Concern #1: Overclaim on model size and multilingual enhancement experiments.

We appreciate your concern regarding the claims including "LLMs xxxx" and "enhancing by 400 documents". We acknowledge that the claim for "all LLMs" is strong and will revise that accordingly in the final version. Regarding the the enhancement experiment, we conduct experiments on tuning language-specific neurons by more documents from Wikipedia and here are detailed results.

Original0.4k1k8k64k128k
Vi32.734.934.328.326.422.1
Th25.628.527.423.720.815.9
Ar21.723.422.819.216.28.3
Sw15.116.915.212.47.95.5

We find that adding more documents significantly reduces performance. This phenomenon is likely attributed to overfitting the model to Wikipedia data, causing conflicts with patterns in the newly introduced data. To further validate our assumption and explore the effectiveness of language-specific tuning, we conduct additional experiments by assembling the training set from a wider array of resources such as textbook, website and journalistic materials. Due to space limitations, please kindly refer to the rebuttal addressing concern #2 provided to Reviewer 2b8j for further details.

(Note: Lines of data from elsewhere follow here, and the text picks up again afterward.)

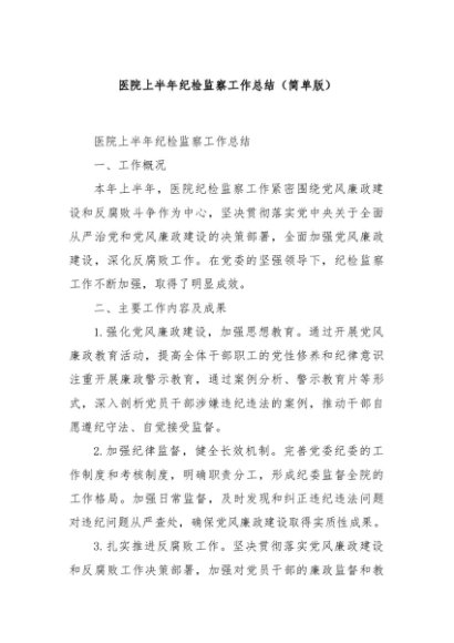 / 【七哥公文】2024年:医院上半年纪检监察工作总结(简单版)+更多免费公文+VX:QiGeGongWen2024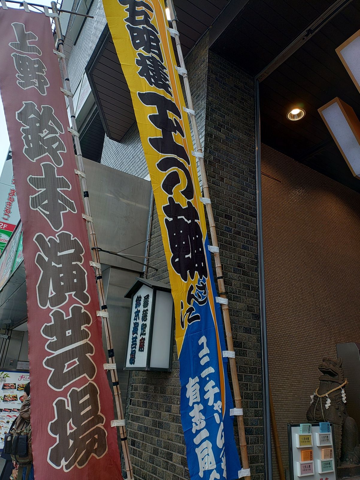 十一月十三日、上野の鈴本演芸場にて令和七年十一月中席昼の部です。見た演目を書き出してみます。前座の三遊亭歌ん太くんの「大安売り」、二つ目の春風亭㐂いちくんの「浮世床」、ダーク広和さんの奇術、橘家文蔵師匠の「道灌」、三遊亭丈助師匠の「寿限無」、青空一風師匠、青空千風師匠のお二人の漫才、三遊亭白鳥師匠の「シンデレラ伝説」、橘家圓太郎師匠の「小言念仏」、鏡味仙志郎師匠と鏡味仙成師匠のお二人の太神楽曲芸、春風亭一朝師匠の「目黒の秋刀魚」でお仲入りとなりました。お仲入りの後、林家楽一師匠の紙切り 、春風亭柳枝師匠の「権助魚」、桂藤兵衛師匠の「地見屋」、柳家小菊師匠の三味線弾きの、唄いの粋曲、主任は五明樓玉の輔師匠の「芝浜」でした。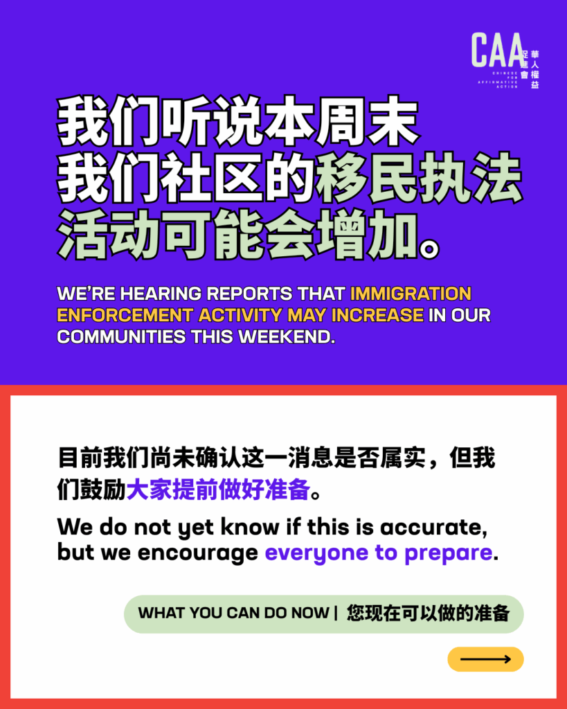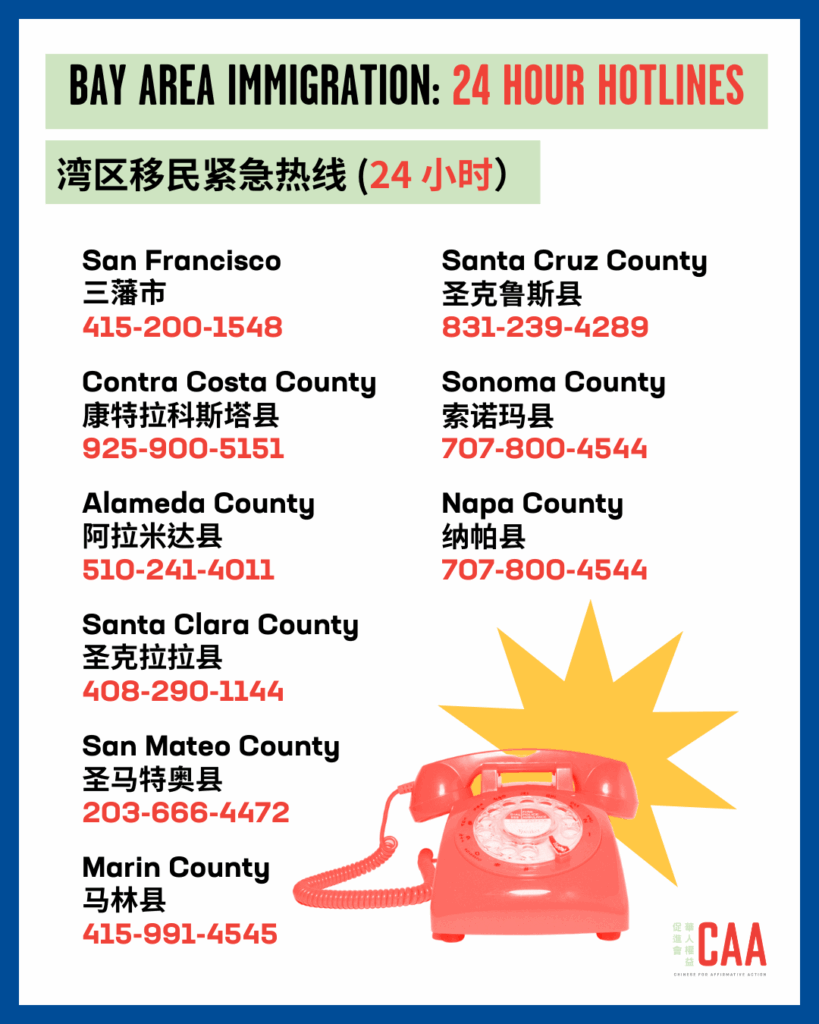 并记下湾区移民紧急热线。如目击疑似ICE执法行动,请拨打热线确认。社区力量在团结中发挥作用,不散播恐慌。

Question #1: Other assumption of framework based on observation in Figure 1

We would like to share more details of our preliminary exploration, which involves analyzing the content of embeddings but is removed from the paper for the sake of coherence. Figure (1) in the attached PDF illustrates the decoded embedding of various layers of Vicuna-13b processing the Chinese version of "What is one plus one equal to?". Through this examination, we observe a progression where the model initially comprehends the input, transitioning tokens to English such as "equal" and "?", in the early layers. Subsequently, in the intermediate layers, nearly all tokens are in English, indicating the task solving in English. Finally, in the later layers, the English answer is transferred back into Chinese. In summary, our proposed framework draws inspiration not just from token distribution but also from a thorough examination of token meanings.

Question #2: Could a neuron be important to several languages?

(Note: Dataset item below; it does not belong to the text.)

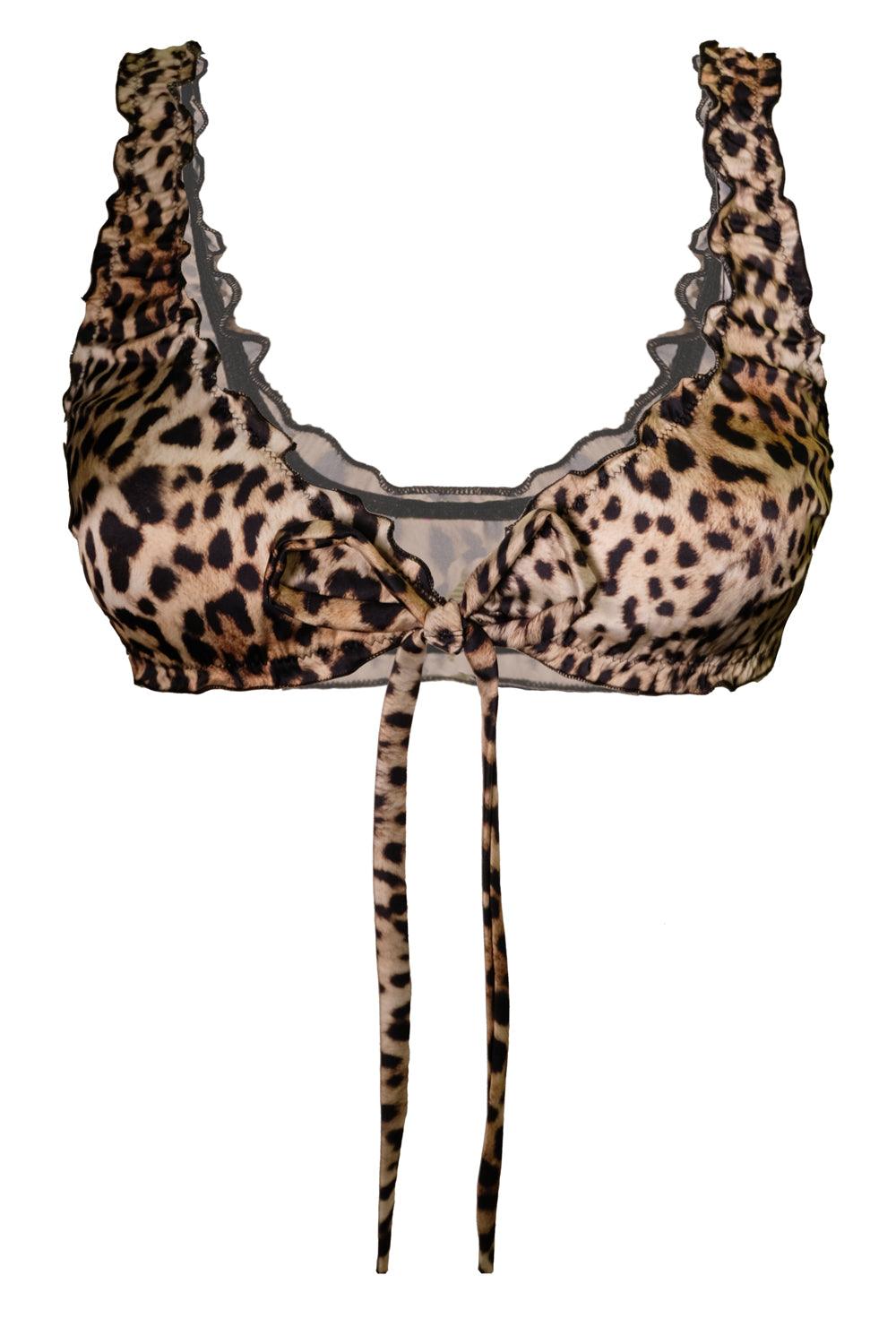 Candy Leo frilly bra is cut from soft silk and tied with a bow at the front. Perfect for cozy home days and summer parties.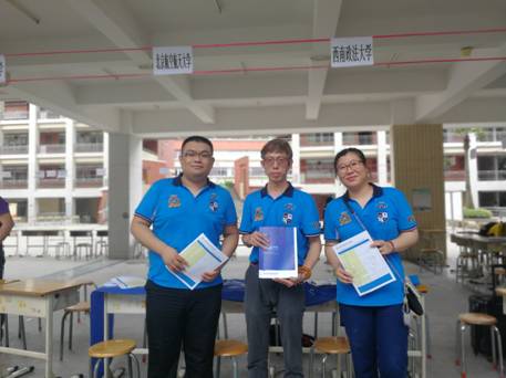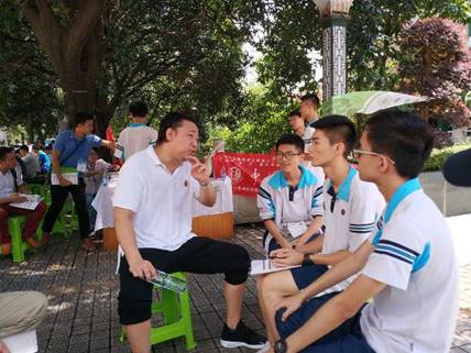 员工胡勇(中)帮助招生老师在广东实验中学做招生宣传 |

The answer is yes, and we have investigated the degree of overlap among language-specific neurons in Appendix C (line 512 to line 523).

Question #3 & #4: What is the performance of non-English-centered LLMs.

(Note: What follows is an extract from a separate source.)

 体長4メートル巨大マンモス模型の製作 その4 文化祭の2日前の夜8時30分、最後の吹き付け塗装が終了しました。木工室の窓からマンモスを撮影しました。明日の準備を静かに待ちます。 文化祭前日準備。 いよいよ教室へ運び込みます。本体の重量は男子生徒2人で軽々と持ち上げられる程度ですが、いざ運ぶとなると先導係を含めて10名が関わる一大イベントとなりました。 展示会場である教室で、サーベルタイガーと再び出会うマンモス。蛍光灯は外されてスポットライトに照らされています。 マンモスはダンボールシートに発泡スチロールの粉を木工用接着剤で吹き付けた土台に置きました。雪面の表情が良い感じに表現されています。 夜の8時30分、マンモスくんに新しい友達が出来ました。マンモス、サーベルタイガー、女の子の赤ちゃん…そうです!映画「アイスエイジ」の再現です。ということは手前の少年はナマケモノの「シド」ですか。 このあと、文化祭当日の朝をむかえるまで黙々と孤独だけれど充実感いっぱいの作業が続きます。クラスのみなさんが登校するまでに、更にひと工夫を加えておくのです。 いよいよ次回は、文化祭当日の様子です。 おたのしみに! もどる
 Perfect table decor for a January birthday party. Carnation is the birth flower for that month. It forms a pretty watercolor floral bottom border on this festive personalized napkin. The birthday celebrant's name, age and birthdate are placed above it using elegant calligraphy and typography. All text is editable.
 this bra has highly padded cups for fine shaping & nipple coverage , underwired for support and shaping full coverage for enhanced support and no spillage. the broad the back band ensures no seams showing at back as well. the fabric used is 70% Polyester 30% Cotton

We appreciate your concerns on other types of LLMs. Our analysis employs Qwen2-7b, a model that is not centered around English due to the comparable size of training data in Chinese and English. In Figure (2) in attached PDF, the distribution of tokens across layers is depicted. We observe that Qwen2 tends to quickly transition multilingual inputs to Chinese or English to address tasks predominantly in English, albeit with some reliance on Chinese support. Towards the end, answers in English or Chinese are reverted back to multilingual languages.

Question #5: Whether can implement on code?

We appreciate your invaluable insights on the generalibity of our proposed method. We also explore this direction following this paper. Our initial experiments indicate its potential applicability in code enhancement. Specifically, we utilize an instruction-code dataset [3] to identify code-specific neurons and subsequently fine-tune these specialized neurons. Experiments are conducted on Llama3-8b-Instruct and here are detailed results. Remarkably, we observe that training on a corpus of only 6k instances for less than 10 minutes can enhance the model's coding capabilities without compromising, and in some cases even enhancing, other aspects of the model. This outcome may be attributed to a clearer division of responsibilities among the parameters, culminating in superior overall model performance.

Human-EvalMGSM
Original32.656.4
2k35.657.2
6k37.861.6

Question #6: Could full fine-tuning performs better than language-specific tuning?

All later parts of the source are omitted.